Micro-emulsions Micro-emulsions have different objectives. The high percentage of emulsifiers causes a very fast penetration respectively permeation of the active agents into the skin due to its powerful impact on the skin barrier. This is an advantage especially for the pharmaceutical sector, i.e. when systemic therapies with drugs are intended. In the field of skin care this may rather cause disadvantages as emulsifiers severely disturb the integrity of the skin barrier layers (see KI 2000 (12), 112-113: emulsifiers – looking for alternatives). In the cosmetic sector micro-emulsions are mostly used in skin cleansing, e.g. in form of fat-containing cleansing gels, shower gels and foam bath products.
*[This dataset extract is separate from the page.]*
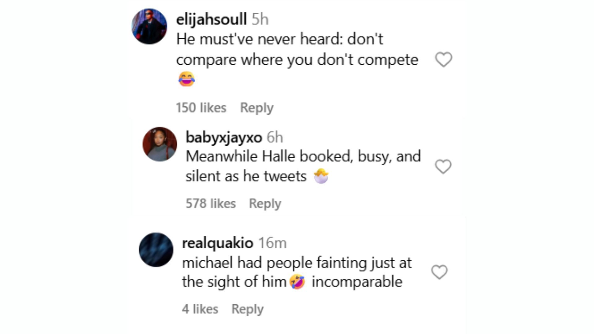 Social media users had mixed reactions to the statement. While some criticized him for comparing himself to the King of Pop, others brought up his ongoing fallout with Halle Bailey. One Instagram user (@brownskinmiss) wrote:

Making a micro-emulsion is too complex to discuss here but just in case you are really interested here is some more info:
To give you an idea the emulsifiers used to make microemulsions are more like solubilisers. They are typically surfactant-like in their structure and have a very good solubilizing power. Caprylic/ capric triglyceride is an example of a micro-emulsion forming ingredient that is easy to get your hands on.
They should have little or no odour.
As serums are designed to be both highly active and highly mobile through the skin the addition of fragrance is not recommended. However, as some active ingredients do smell bad an odor mask may be appropriate.
So, there you have a quick overview of a serum. When I teach this class I also end with a formulation and talk about the importance of skin feel and perception – you may need to add more ingredients to achieve the perfect balance between activity and feel and that can be tricky but fun.